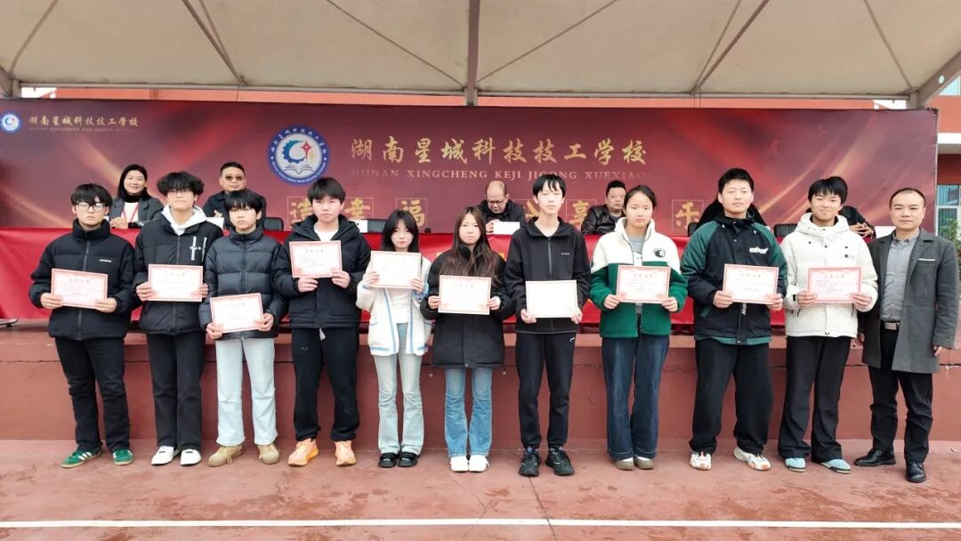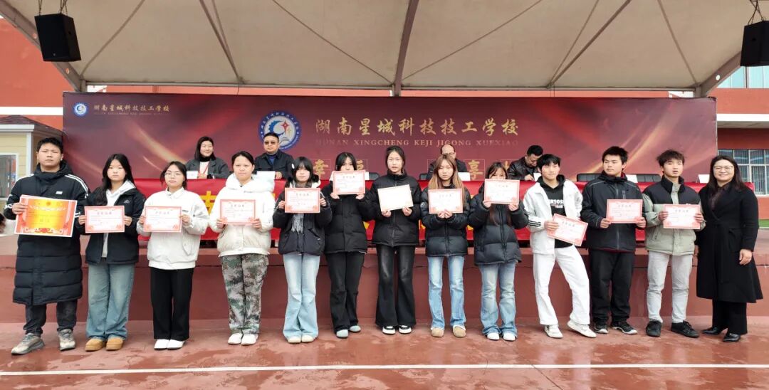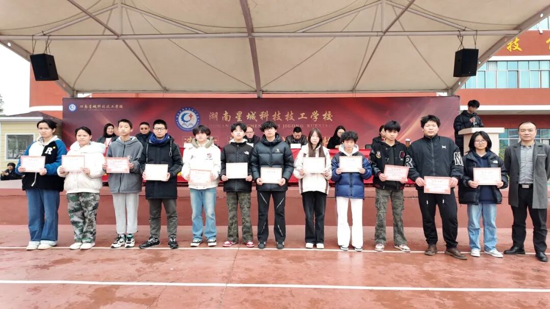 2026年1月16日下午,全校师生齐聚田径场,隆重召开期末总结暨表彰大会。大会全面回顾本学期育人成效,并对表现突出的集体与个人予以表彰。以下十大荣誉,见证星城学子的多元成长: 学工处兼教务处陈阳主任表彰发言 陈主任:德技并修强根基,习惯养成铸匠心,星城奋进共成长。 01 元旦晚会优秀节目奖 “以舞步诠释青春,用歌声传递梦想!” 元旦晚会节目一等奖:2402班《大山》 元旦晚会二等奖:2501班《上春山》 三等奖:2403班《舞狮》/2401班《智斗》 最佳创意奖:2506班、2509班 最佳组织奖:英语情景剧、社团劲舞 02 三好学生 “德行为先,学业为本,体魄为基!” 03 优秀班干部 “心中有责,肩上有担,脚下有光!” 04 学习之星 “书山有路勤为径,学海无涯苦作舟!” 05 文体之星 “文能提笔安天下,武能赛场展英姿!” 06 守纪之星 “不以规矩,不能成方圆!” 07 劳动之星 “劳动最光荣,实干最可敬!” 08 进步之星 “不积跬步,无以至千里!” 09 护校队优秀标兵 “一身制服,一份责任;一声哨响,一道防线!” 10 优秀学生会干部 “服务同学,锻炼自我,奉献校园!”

◇ ◇ ◇

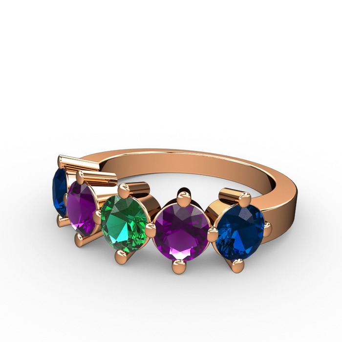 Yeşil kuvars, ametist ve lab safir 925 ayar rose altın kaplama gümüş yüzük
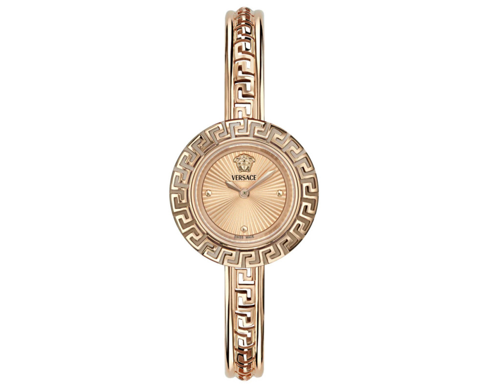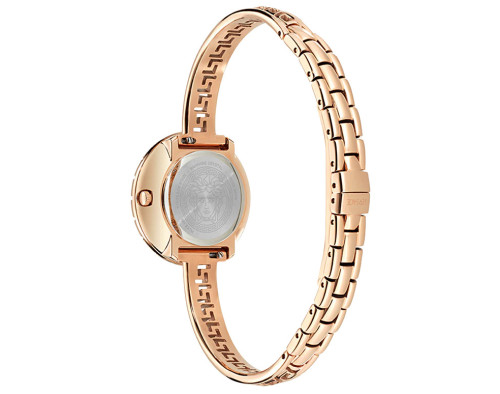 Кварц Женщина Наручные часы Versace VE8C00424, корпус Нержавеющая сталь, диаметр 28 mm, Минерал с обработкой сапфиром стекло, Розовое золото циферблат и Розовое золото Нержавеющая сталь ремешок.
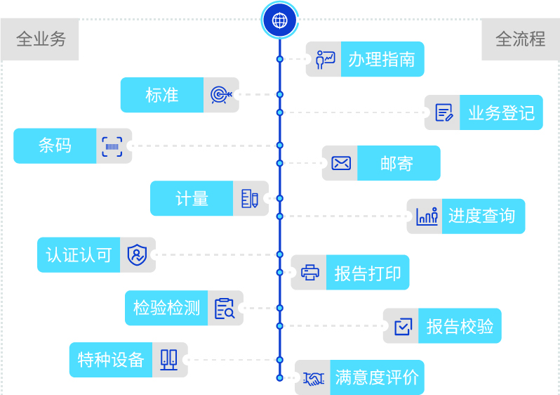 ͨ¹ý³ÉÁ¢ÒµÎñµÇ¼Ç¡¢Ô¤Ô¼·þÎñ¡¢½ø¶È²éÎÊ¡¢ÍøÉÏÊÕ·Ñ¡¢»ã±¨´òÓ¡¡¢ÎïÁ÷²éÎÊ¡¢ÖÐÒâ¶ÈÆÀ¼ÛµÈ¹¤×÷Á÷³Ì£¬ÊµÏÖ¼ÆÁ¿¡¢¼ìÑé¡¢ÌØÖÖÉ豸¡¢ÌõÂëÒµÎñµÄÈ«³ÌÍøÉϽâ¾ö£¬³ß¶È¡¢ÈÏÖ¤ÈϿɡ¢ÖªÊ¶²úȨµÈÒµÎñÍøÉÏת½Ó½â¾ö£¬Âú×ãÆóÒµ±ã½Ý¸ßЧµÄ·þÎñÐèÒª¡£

◇ ◇ ◇

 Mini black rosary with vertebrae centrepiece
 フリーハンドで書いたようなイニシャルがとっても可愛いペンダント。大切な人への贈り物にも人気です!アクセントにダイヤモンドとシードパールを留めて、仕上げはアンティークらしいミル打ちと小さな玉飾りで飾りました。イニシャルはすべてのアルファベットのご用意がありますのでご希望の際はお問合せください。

◇ ◇ ◇

- EXERCISE DESCRIPTION
Above are the entries. Copy exactly the part that opens with the line containing "Mini black rosary with vertebrae centrepiece" and closes with the line containing "フリーハンドで書いたようなイ", and no more.

- FINISHED TASK
 Mini black rosary with vertebrae centrepiece
 フリーハンドで書いたようなイニシャルがとっても可愛いペンダント。大切な人への贈り物にも人気です!アクセントにダイヤモンドとシードパールを留めて、仕上げはアンティークらしいミル打ちと小さな玉飾りで飾りました。イニシャルはすべてのアルファベットのご用意がありますのでご希望の際はお問合せください。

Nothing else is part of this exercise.